Her voice was not angry. It was not trembling with suppressed emotion. It was simply a statement of fact, delivered with the blunt force of a gavel striking wood.
Valor's smile faltered, just for a fraction of a second, before he pasted it back on. "I know," he chuckled, though the sound was hollow. "But it looked heavy. I'm heading to the faculty office anyway. Might as well walk together."
He took a step forward, expecting her to fall into step beside him.
Tesse didn't move.
"Valor," she said.
He stopped and turned back, hope flaring in his eyes at the sound of his name. "Yeah?"
"You're going the wrong way," she said, her voice cool and detached. "The student council room is that way. The faculty office is where *I* am going."
"I... I can take a detour," he stammered, his charm eroding under her frosty gaze. "It's no trouble. Really. I wanted to talk to you, actually."
Tesse looked at him, really looked at him, for the first time in weeks. She saw a boy who had lost his prize and was now rummaging through the trash for the consolation prize he had thrown away.
"About what?" she asked.
"Just... things," Valor said, shifting the books. He looked uncomfortable now, stripped of his script. "I haven't seen you around much. I noticed you weren't at the last few meetings. I miss... I mean, the council misses your input."
"I'm not on the council anymore," Tesse reminded him. "I have nothing to input."
"Right, but..." Valor stepped closer, invading her personal space, trying to use his proximity as a weapon the way he used to. "I was thinking maybe you could come back. We could... grab a coffee after school? Discuss it?"
It was an olive branch. No, it was more than that—it was a surrender. The Class President, the golden boy, asking the girl he rejected for a date, thinly veiled as school business.
Tesse felt a ghost of a memory—how the old Tesse would have died for this moment. She would have dropped the books, said yes a thousand times, and floated home.

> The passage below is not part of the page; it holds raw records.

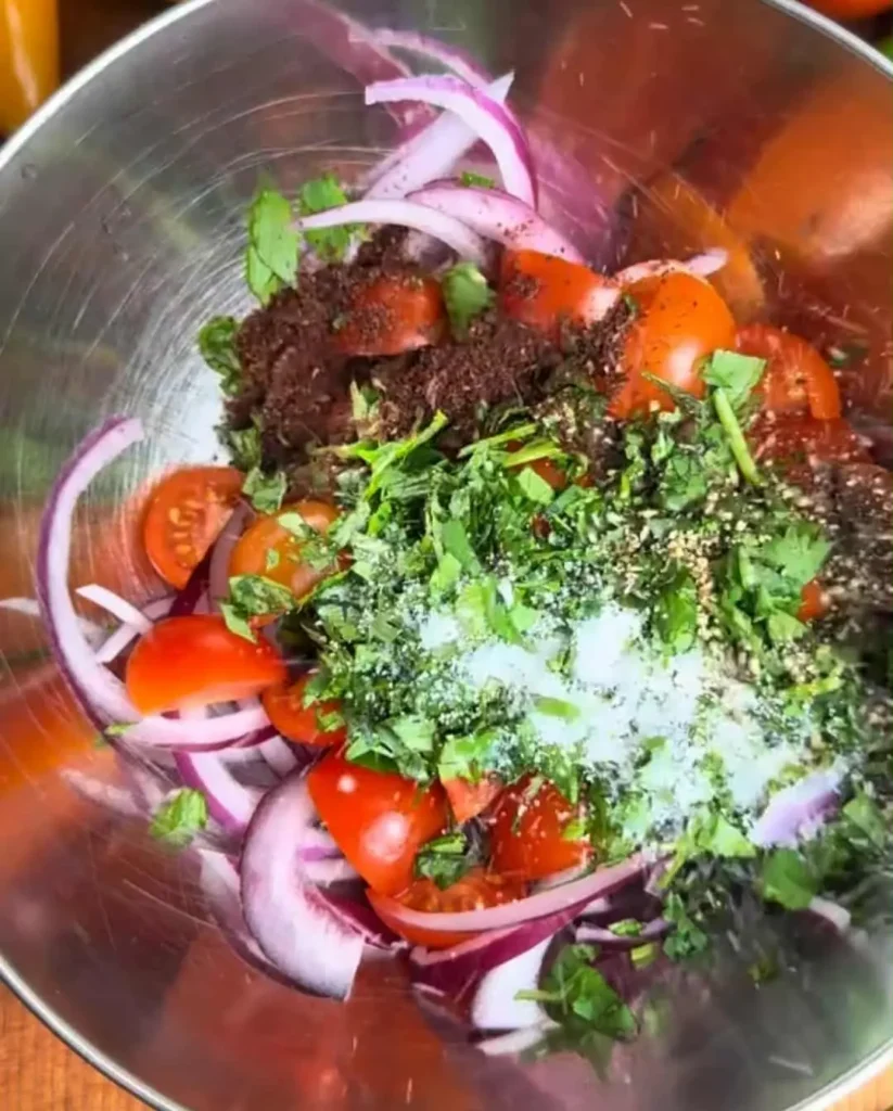 • In a bowl, combine red onion, cherry tomatoes, parsley, salt, pepper, sumac, and lemon juice.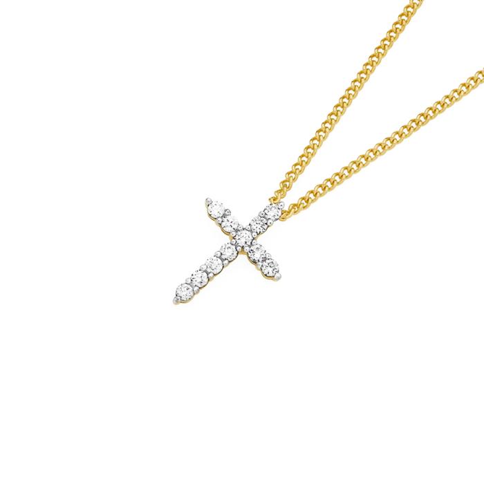 Alora 10ct Gold 1/4 Carat TW Lab Grown Diamond Cross Pendant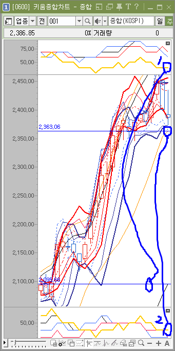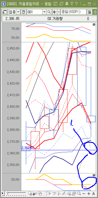 반대로 하락이 오면 2371 아래까지 보입니다. 15 포인트 추가 하락이 가능합니다.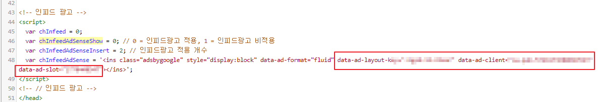 - chInfeedAdSenseInsert 값을 통해서 목록 사이에 몇 개를 노출할 것인지 결정하면 됩니다.
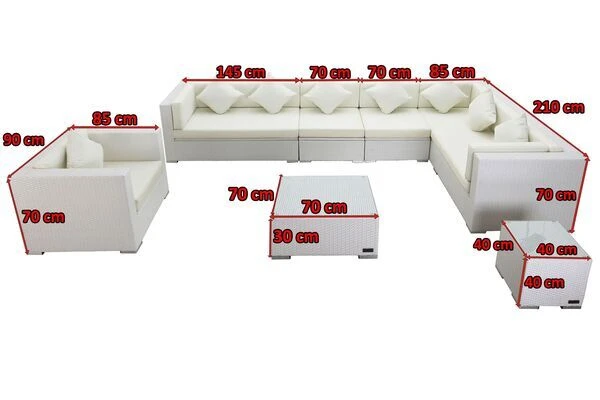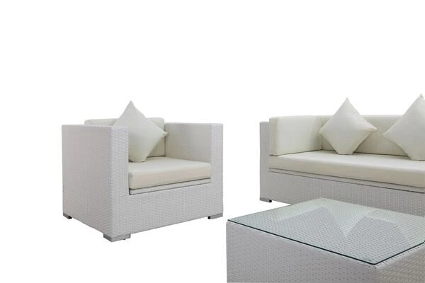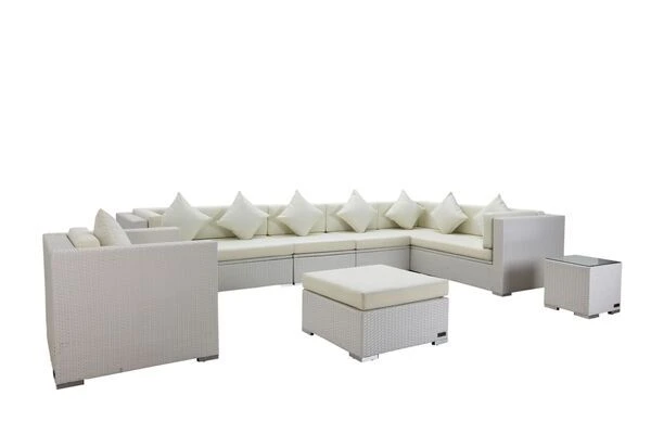 Mit seinem großzügigen Platzangebot ist diese OUTFLEXX® Loungegarnitur ein wahres Prachtexemplar und bietet besonders hohen Sitzkomfort dank seiner ca. 10 cm dicken Polstern, welche mit wasserabweisenden Bezügen aus 100% Polyester (300g/m²) geschützt sind. Die verwendete weiße flache Polyrattanfaser ist pflegeleicht und besonders wetterfest. Sie trotzt nicht nur extremen Temperaturen zwischen -60°C bis +70°C, sondern ist ebenso unempfindlich gegen Chlor, Salzwasser und UV-Strahlen. Im Inneren befindet sich ein rostfreies Aluminiumgestell, welches für die nötige Stabilität sorgt und aufgrund des geringen Gewichts einen einfachen Platzwechsel ermöglicht. So erweist sich diese wertbeständige Polyrattan Gartenlounge als langlebiger Begleiter.

But the old Tesse was gone. She had died in the rain on a Tuesday.
"No," Tesse said.
Valor blinked. "No?"
"No, thank you," she corrected herself, adding the politeness not out of warmth, but out of formality. "I have plans. And I don't drink coffee anymore. It makes me jittery."

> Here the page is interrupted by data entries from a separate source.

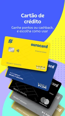 • Cartão de crédito e débito: acompanhar limite, faturas, parcelar compras.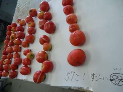 1年生のトマト! 公開日 2013/09/08 更新日 2013/09/08 1年生 春から育てているトマト。夏休みはどうなっていたか知っているでしょうか。夏季プールに来ていた子どもたちはどんどん赤くなっていく実を見たと思います。 実はこんなになっていたのです。8月の後半、お盆明けのトマトの畑を見に行くと、いたるところに熟した真っ赤なトマトの実がなっていました。このトマトは先生たちでおいしくいただきました。 1年 授業 生活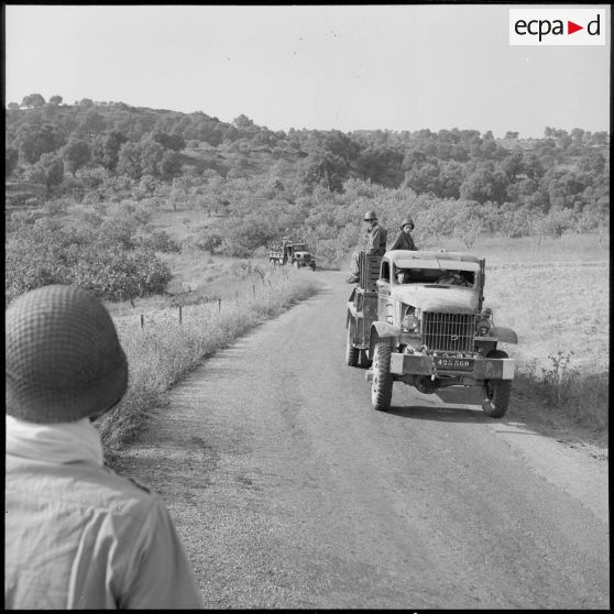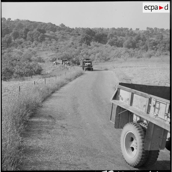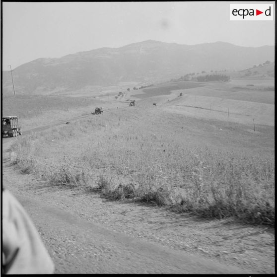 Le convoi de véhicules militaires de la 1re compagnie du 93e régiment d'infanterie (RI) progressant dans la plaine aux environs de Tizi Ouzou.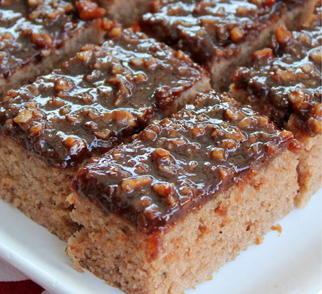 Прелив: Сварете ја водата со шеќерот, па додадете путер и чоколадо, па на многу тивок оган мешајте додека да се растопат и соединат состојките. Потоа додадете ги оревите и промешајте. Топло прелијте преку колачот.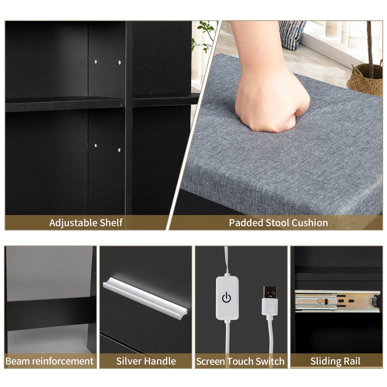 - MODERN & ELEGANT LOOK - This modern makeup vanity table is composed of a black and silver color, which is well blended with any home decoration style. Sleek linear design perfectly shows simplicity and modern fashion in your bedroom. An ideal gift for your girl on her birthday, Valentine's Day, Mother's Day, or Christmas.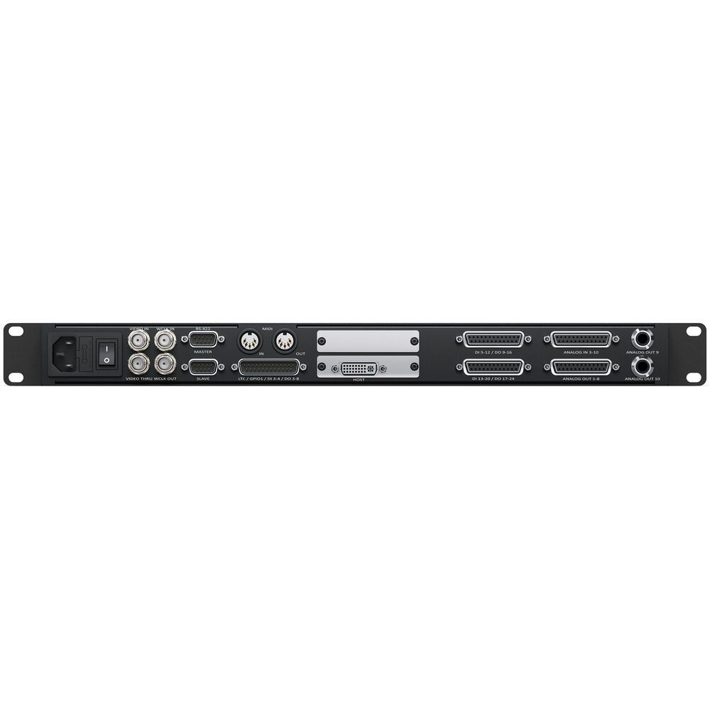 Expand the I/O of your DaVinci Resolve 17 system with the Blackmagic Design Fairlight Audio Interface, a 1 RU rackmount unit packed with analog and digital connections, preamps for mics and instruments, sample rate conversion, and sync at any standard frame rate. Equipped with 24-bit / 192 kHz AD/DA converters, extensive synchronization and control I/O, it exhibits high-grade sonic performance. The Fairlight Audio Interface is optimal for professional postproduction engineers in commercial studios and mixing stages.

"Tesse, come on," Valor said, a frantic edge creeping into his voice. "Don't be like this. I'm trying to be nice. I know I was... harsh before. I've had a lot on my mind. Tia and I..."
He let the name hang there, expecting it to garner sympathy. Expecting Tesse to comfort him as she always had.

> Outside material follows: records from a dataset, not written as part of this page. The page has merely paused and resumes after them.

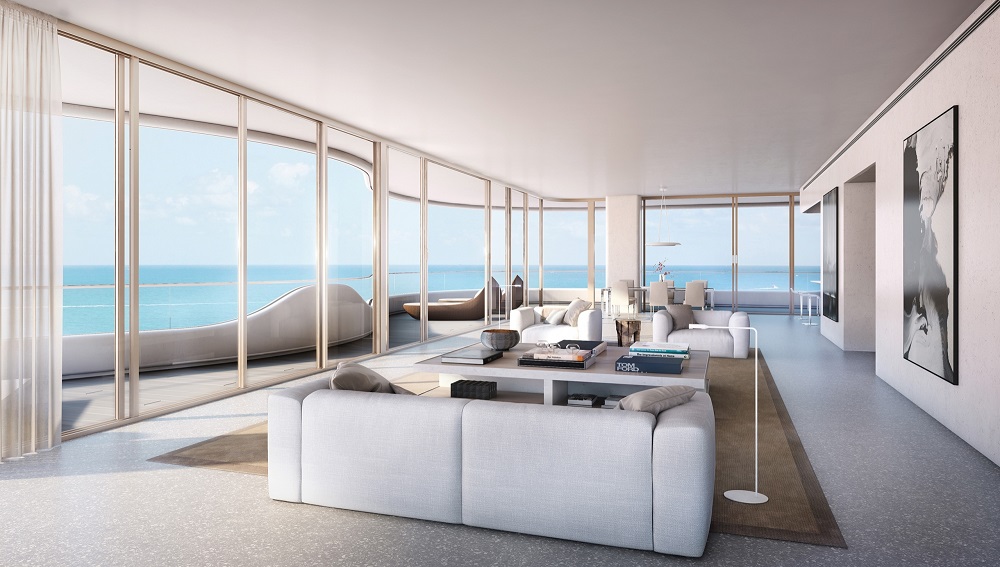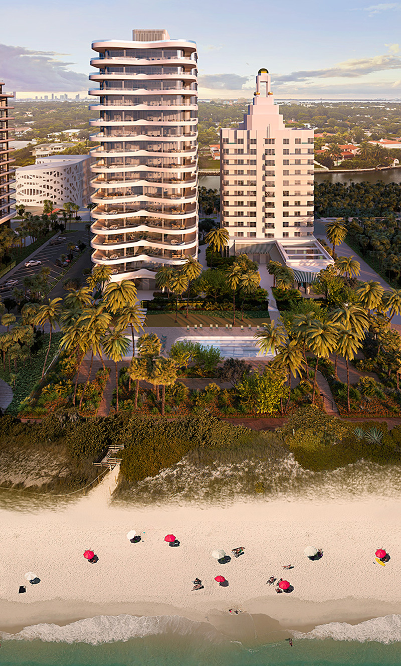 The 41 residences designed by Brandon Haw are located on the beach at 34th Street and Collins Avenue in the heart of Miami’s most highly anticipated destination. The Faena District features a perfect balance of exquisite residences, the uniquely luxurious Faena Hotel, innovative and immersive entertainment, destination shopping, as well as the remarkable Faena Forum—all by award-winning architects and designers. The Versailles contemporary tower has been designed to maximize views both to the ocean, the bay, and the Miami skyline, articulated by large sweeping terraces east and west that modulate down to a combination of large bay windows with window seats and curved terraces that create a sensuous articulation—an abstraction of Roy F. France’s curved corners and rippling facades of the Classic building.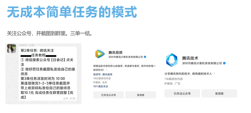 2、加群做任务:无成本赚钱任务,配合内部拖尝到甜头(任务都是关注腾讯视频等高知名度公众号,打消疑虑)。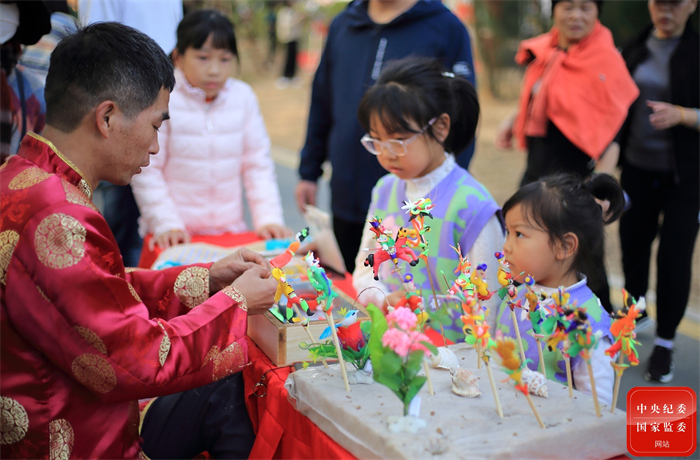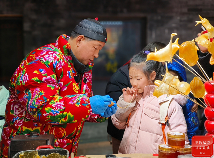 在吹糖人摊点上,各式各样的糖人不仅唤起了大人们的童年记忆,也吸引了小朋友驻足流连。在手艺人的指导下,小朋友亲身体验糖人制作过程,在感受非遗文化魅力的同时,品味着甜甜的年味儿。(安徽省宣城市广德市纪委监委供 喻从芳 摄)
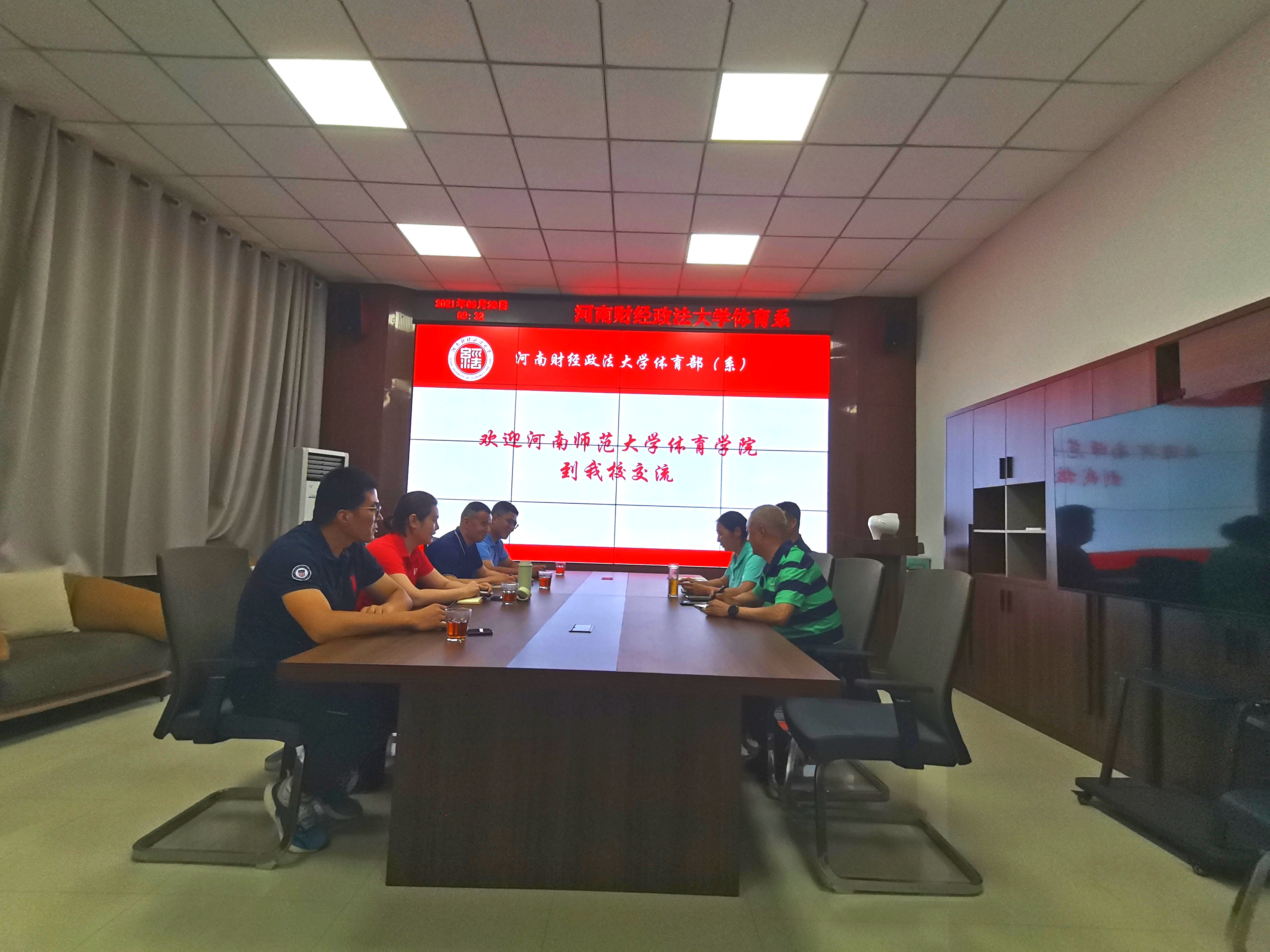 6月29日,河南师范大学英国365集团孟国正副院长一行来到体育部进行交流学习,体育部主任马永红教授,体育场馆管理中心张二伟主任进行了接待交流。

Tesse's expression didn't change. "I heard about Tia. Congratulations to her."
The words were a slap in the face. Valor flinched.
"I'm trying to apologize," he whispered, the books heavy in his arms. "I'm trying to say that I... I see you now."
Tesse sighed, a short, sharp exhalation of breath. She stepped forward, not to embrace him, but to reach out and take the books back from him.
"You don't see me, Valor," she said, grabbing the stack from his hands. He was so stunned he let them go. She balanced the full tower in her arms again, the weight returning, comforting and familiar. "You just see an empty space where your ego boost used to be."
She adjusted her grip, looking him dead in the eye.
"And you were right," she added, her voice dropping to a whisper that carried more power than his shout ever had. "I shouldn't rely on you. I learned that lesson perfectly. So please, stop getting in my way."
She didn't wait for a response. She stepped around him, navigating the hallway with practiced precision.
Valor stood rooted to the spot. He watched her walk away, her back straight, her stride purposeful. He watched the girl who used to chase him walk further and further away, shrinking into the distance of the long, sunlit corridor.
He raised a hand, as if to call her back, but his voice died in his throat. The silence of the hallway rushed in to fill the space she left behind, and for the first time, Valor realized that the coldness wasn't coming from her. It was coming from the spot in his chest where his heart was supposed to be, shivering in the shadow of a bridge he had burned to the ground.